The dispossessed have hit the streets: immigrants; the unemployed; youngsters who want more of a future than what they know is in store for them; youngsters who have a safe future ahead but still would like a world they can actually believe in. Everyone has hit the streets. Some have thrown stones and Molotov cocktails. Some have protested with great dignity.
Either way, the only ones still at home are the powers that be. At least we know where to find them, right?
Wrong, because they have managed to become so irrelevant, the protesters are not even thinking of attacking them or their symbols.
Naturally, if the symbols of power were attacked, the police – currently under strict orders to stay shtum – would magically find their voice, clubs and the rest of their kit and would rapidly remember what they are there for: to protect, safeguard and safe-keep.

But for now nothing is safe and least of all words and concepts.
The vandals speak of revolution. The students speak of retribution and justice. The politicians accuse the protesters of pursuing ‘selfish aims’, whatever that means. And the prime minister appeared on TV asking the hooded vandals to show restraint and responsibility. But, even though the revolution was televised, the revolutionaries were not watching, so nobody heard him. Not that it would have made a difference, as no one seems to be using words to mean what they actually mean. No one seems to have the right words for what they want to say. No one is addressing anyone anyway. Shells of words and empty slogans from all sides.

And the toll of destruction is rising with pushing 400 small businesses destroyed.
Meanwhile what?
The police are afraid to act for fear of causing more deaths. And this was intended as a statement of restraint.

So the first calls came, even within Greece, to get the army out. To get the army back onto the streets of Athens. The Army. A mere 34 years after the tanks crushed the resisting students in the Polytechnic school.

Why shouldn’t the government call the army out?
Because a government that does not even try to maintain order should resign, they shouldn’t be calling in the cavalry.
Because a police force that cannot police without fearing it may hurt the innocent should be replaced with a body that can fulfil its intended purpose.
Because they army does not hit the streets to restrain its own people unless the dictators are back in town. And the memories of the last time that happened are way too fresh in Greece.

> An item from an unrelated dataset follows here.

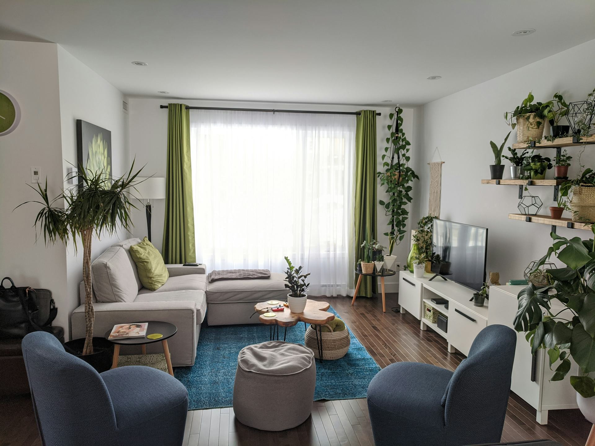För att konsten ska samspela med resten av inredningen kan du låta färger och material återkomma i kuddar, mattor och växter. Gröna växter förstärker den naturliga känslan, medan tunna gardiner och ljusa möbler gör rummet luftigt och soligt.

The ‘Polytechneio’ generation, is what they are called, those youngsters who stood up against the junta of 1967-1974. They stood up to be counted. They stood up to die, if that’s what it took. And die they did, as the junta drove tanks over the protesters, into the Polytechnic university buildings.
34 years on, the protesters who survived sit in parliament. They hold positions of power. The Polytechneio generation is now running the show.
And it would be a dark day indeed if the soldiers were back on the streets of Athens on their watch. Because if they forgot that, they’ll forget this. And if they didn’t learn then, what chance do we stand of them learning now?